Franco’s Spring Pea and Pancetta Pasta Mista

spring pea pasta (2)

Franco’s Spring Pea & Pancetta Pasta Mista

Spring is a very lively time of the year for Mother Nature.  Foodies have a lot to look forward to during this rejuvenating season.  The transition from winter to spring is somewhat magical!  You can tap into this enlivening process by making positive changes in your diet.  Repetitive foods of wintertime should now be gone with the wind (and snow!) as we welcome in the much-anticipated return of spring with all its glorious perfection.

Last week, I ventured out on what was the first real spring day, to a wonderful store called World Market.  I had never shopped there before, but what a surprise!  World Market has much more than I had ever anticipated.  Besides all the fabulous household items and gadgets, they have a very interesting assortment of foods.  The imported pastas from Italy caught my eye and I bought two colorful packages of  Torino Pasta Mista

 

Torino Pasta Mista | World Market

Torino Pasta Mista | World Market

The varicolored pasta, along with their many fun shapes, inspired me to cook a light,  yet very tasty  pasta dish using spring peas, pancetta, sweet onion, fresh mint, lemon zest, white wine vinegar, vegetable stock, a little Pecorino Romano cheese and garnished with an edible flower.  Simply delicious!

And, to add a little excitement, I broadcasted the making of this recipe live on my first Meerkat video! This is one of the newest and hottest social media sensations.

Tune in to my Facebook or Twitter accounts to catch when the next live Meerkat broadcast will be.  I hope to meet you there!

I now encourage you to fill your pantry full of springtime goodness and enjoy the recipe below!

Franco’s Spring Pea and Pancetta Pasta Mista

ingredients Ingredients:
  • 1 box (8.8 ounces) Torino Pasta Mista
  • 8 ounces pancetta, diced
  • 1/2 large sweet onion, sliced in half moon shapes
  • 1 tablespoon extra virgin olive oil
  • 2 cups fresh spring peas
  • 2-3 cups vegetable stock (recipe follows)
  • 1/4 cup grated Parmesan
  • 1/4 cup small diced Parmesan
  • Salt and freshly ground black pepper to taste
  • 1/2 lemon, zested
  • 5-6 large mint leaves, chiffonade
  • 1 tablespoon white balsamic vinegar

Procedure:

  •  Bring a large pot of salted water to a boil over medium heat.

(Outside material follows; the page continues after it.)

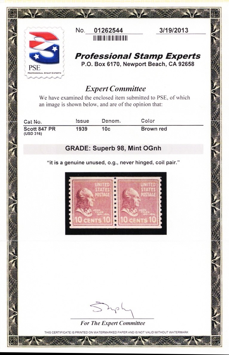 847, MNH Superb 10¢ Coil Pair PSE Graded 98 - Certificate Stuart Katz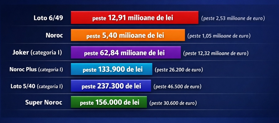 De asemenea, la Joker, la categoria I, se înregistrează un report în valoare de peste 62,84 milioane de lei (peste 12,32 milioane de euro).

Add pasta and cook until just al dente.

Tip:  Once you add the pasta to the water bring it to a medium to low boil which will help keep the integrity of the pasta shapes intact. A vigorous boil will break up the delicate shapes.

  • Cook the pasta for 8 minutes, or just  before al dente. Drain pasta, reserving 1 cup of pasta water. You will finish cooking it in the sauté pan.
  • While the pasta is cooking, sauté pancetta in a large pan over medium heat.  Slowly render out the fat for about 6 minutes.
  • Add the olive oil and onions and toss. 
  • Sauté onions 2-3 minutes add 3 tablespoons of vegetable stock to the sauté pan, reduce the heat to a moderate flame and cook covered for about 5 minutes. Or until the onions are soft and translucent.
  • Add the pasta and the vegetable stock  to the pan and cook for 3 minutes more tossing gently. Stir in the grated Parmesan, to create a sauce with the stock.

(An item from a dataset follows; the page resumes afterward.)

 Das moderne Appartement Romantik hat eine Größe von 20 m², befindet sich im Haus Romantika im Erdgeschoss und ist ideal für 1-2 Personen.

Tip: This pan sauce should just be enough to lightly coat the pasta.

  • Once a quick sauce is created, add the peas, lemon zest, diced Parmesan, mint and vinegar.  Gently toss through.  The residual heat will cook the peas and they will remain a vibrant green.
  • Moisten pasta with some of the reserved pasta water or more stock, if needed.
  • Taste for seasoning and adjust with salt and pepper, if necessary.
  • Keeping in the spirit of spring garnish all with a mint pluche and an edible flower.  The flower I chose was a mini Carnation.
  • Serve immediately.

Quick Vegetable Stock

vegetable stock

vegetable stock

Ingredients:

  • 1 large onion
  • 2 stalks celery, including some leaves
  • 2 large carrots (peeled, chopped)
  • 1 bunch green onions, chopped
  • 8 cloves garlic, minced
  • 8 sprigs fresh parsley
  • 6 sprigs fresh thyme
  • 2 bay leaves
  • 1 teaspoon salt (optional)
  • 2 quarts water (cold)

Procedure:

Tip: When making a quick vegetable stock I do not cook off the vegetables first before covering with water.  Pure and clean flavors with no added oil to the broth is the goal here.

Rinse clean all vegetables and remove any bruised areas.

  • Add onion, celery, carrots, scallions, garlic, parsley, thyme, and bay leaves to a medium stock pot.
  • Add the water and bring to a slow boil.
  • Once a boil is reached lower heat and simmer, uncovered, for 30-45 minutes.
  • Strain and discard the vegetables.